Cercana obsesión
Según este título hay obsesiones lejanas y otras que están aquí cerquita, a mí no me queda claro. A la que parece que sí es a Claire, el personaje de Jennifer Lopez, que se empeña en creer que es actriz y más o menos cada dos años nos receta un nuevo churro. Esta ...
Según este título hay obsesiones lejanas y otras que están aquí cerquita, a mí no me queda claro. A la que parece que sí es a Claire, el personaje de Jennifer Lopez, que se empeña en creer que es actriz y más o menos cada dos años nos receta un nuevo churro.
Esta es una película que no estaba en mis planes ver, mucho menos escribir sobre ella. Pero circunstancias del fin de semana me pusieron en un cine donde se exhibe. Mi compromiso con usted, me hace por lo tanto, hacer algunos comentarios en torno a ella.
Cercana obsesión es el traslado al español mexicano, para nuestras subestimadas inteligencias de The boy next door-El chico de al lado que, aunque usado ya en otras producciones, no está tan repetido como la palabra “obsesión” que da título a infinidad de películas. Está dirigida por Rob Cohen: ¿quién? y escrita por Barbara Curry otra vez: ¿quién?, que con muy escasa imaginación cuentan una historia que hemos visto ya muchas veces en el cine, en diferentes formatos, tiempos, edades, idiomas.
Un desfile de lugares comunes: 1) Jennifer Lopez interpreta a una profesora de Literatura Inglesa cerca de los cuarenta y madre de un adolescente. Ella se ha separado de su esposo, porque 2) vive una aventura con una chava más joven. Desolada comparte todas sus desventuras con 3) una amiga más abusada que le aconseja que se divorcie y se destrampe a lo que ella se resiste. Las deprimidas hormonas de Claire se alborotan cuando 4) conoce a su nuevo vecino (Ryan Guzman), un chavo de casi 20 años —que parece de casi 30—, musculoso, trompudo, latino como ella, y 5) de inmediato se desean de forma arrebatada y animal. El joven se pone listo para ganarse a la vecina y 6) protege en la escuela al hijo que sufre acoso y violencia por parte de un grupo de vivales.
Es claro que la película busca el lucimiento de Jennifer Lopez a la que no le niego sus bondades físicas. Todos los encuadres y planos van dirigidos a dar buenos ángulos de su cuerpo y rostro, y a ratos parece en pugna con su compañero, Guzman, para quien roba cámara, enseña más, provoca más risas involuntarias. Encasillado en el género del thriller erótico, sin que en absoluto cumpla con las características —salvo las escenas candentes entre los protagonistas—, Cercana obsesión se convierte a los pocos minutos en una película predecible que realmente no atrapa al espectador y tiene muy contados momentos de suspenso efectivo.
El tema como hemos dicho está muy gastado. La obsesión pasional y sexual es muy cinematográfica y bien lograda nos puede dar excelentes muestras como Atracción fatal, Mujer soltera busca, Lolita, Misery, Durmiendo con el enemigo, Te doy mis ojos, La mujer de al lado, Luna amarga, en fin, hay mucho en el género de drama, y en algunas con la temática erótica muy presente de manera inteligente sin caer en lo burdo.

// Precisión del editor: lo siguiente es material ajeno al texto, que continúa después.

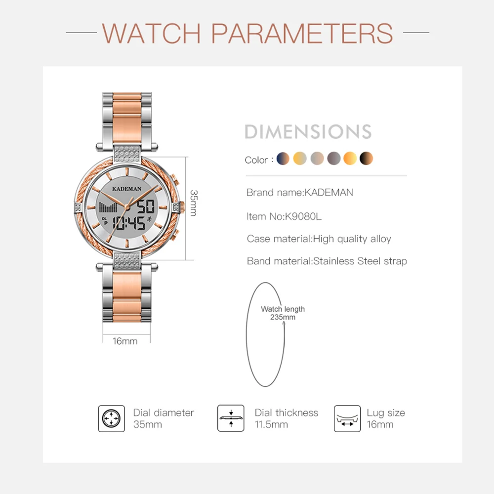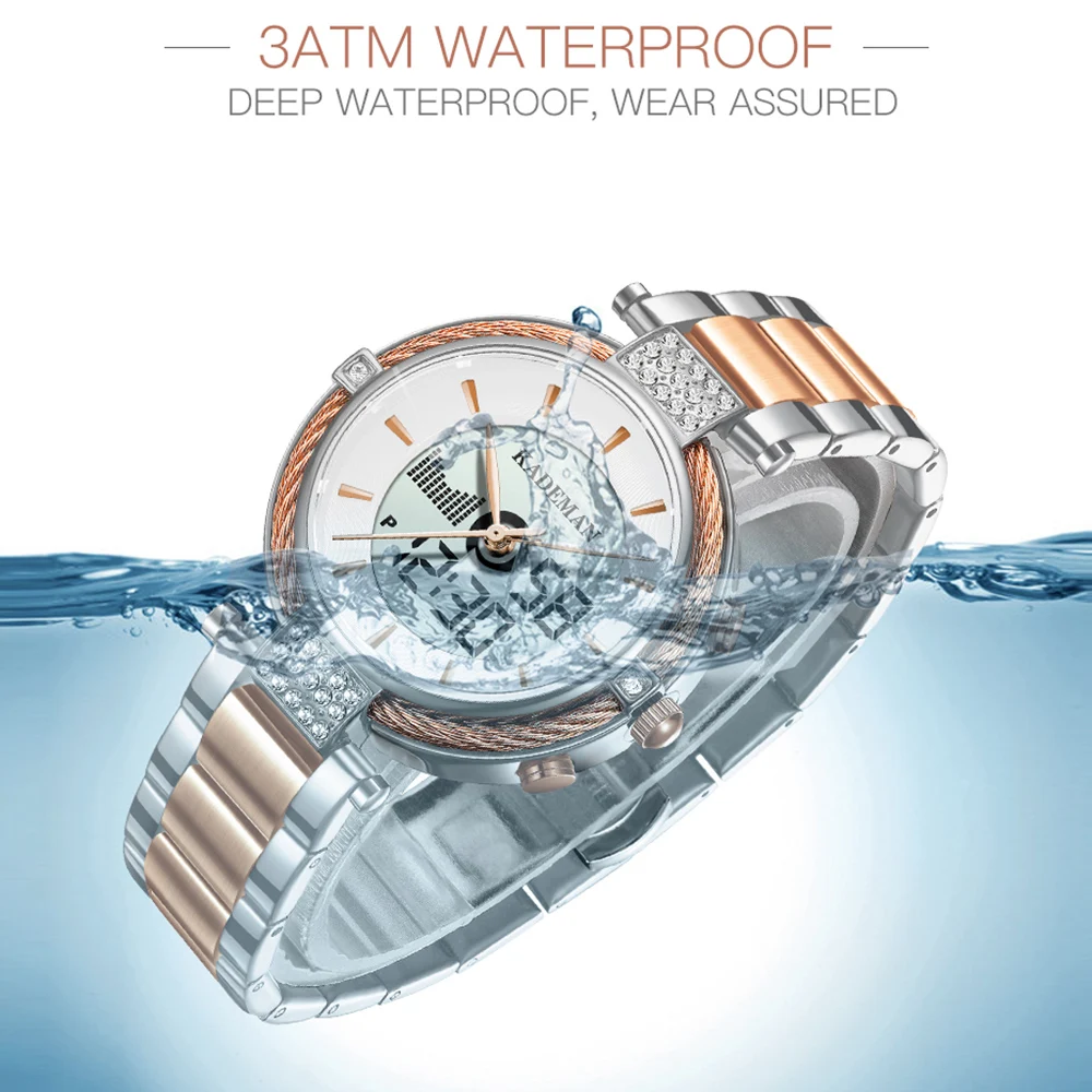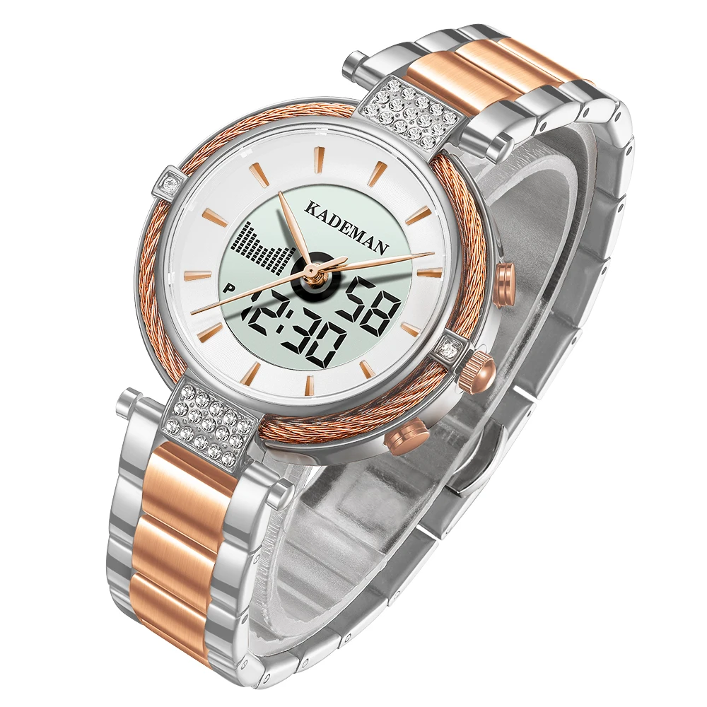 Новые женские часы K9080 Kademan с двойным жк-дисплеем, элегантные Топ, роскошные модные водонепроницаемые женские кварцевые наручные часы, женские часы

Cercana obsesión no hace ninguna aportación al género, es plana, y llega a aburrir. Las secuencias sexuales se ven coreografiadas, y de nuevo quieren ponderar las virtudes físicas de la pareja cuyas características y motivaciones son ambiguas y sin sustento. Las otras subtramas no tienen una función determinante en el eje del argumento. El hijo es demasiado aniñado para su edad, el gris marido culpígeno parece no darse cuenta de lo que se cocina en su propia casa, la amiga funge como la típica confidente para que nos enteremos de lo que pasa en el interior de Claire. Carece de clímax y todo se desencadena en un final precipitado e inverosímil. Mi consejo: no gaste su dinero.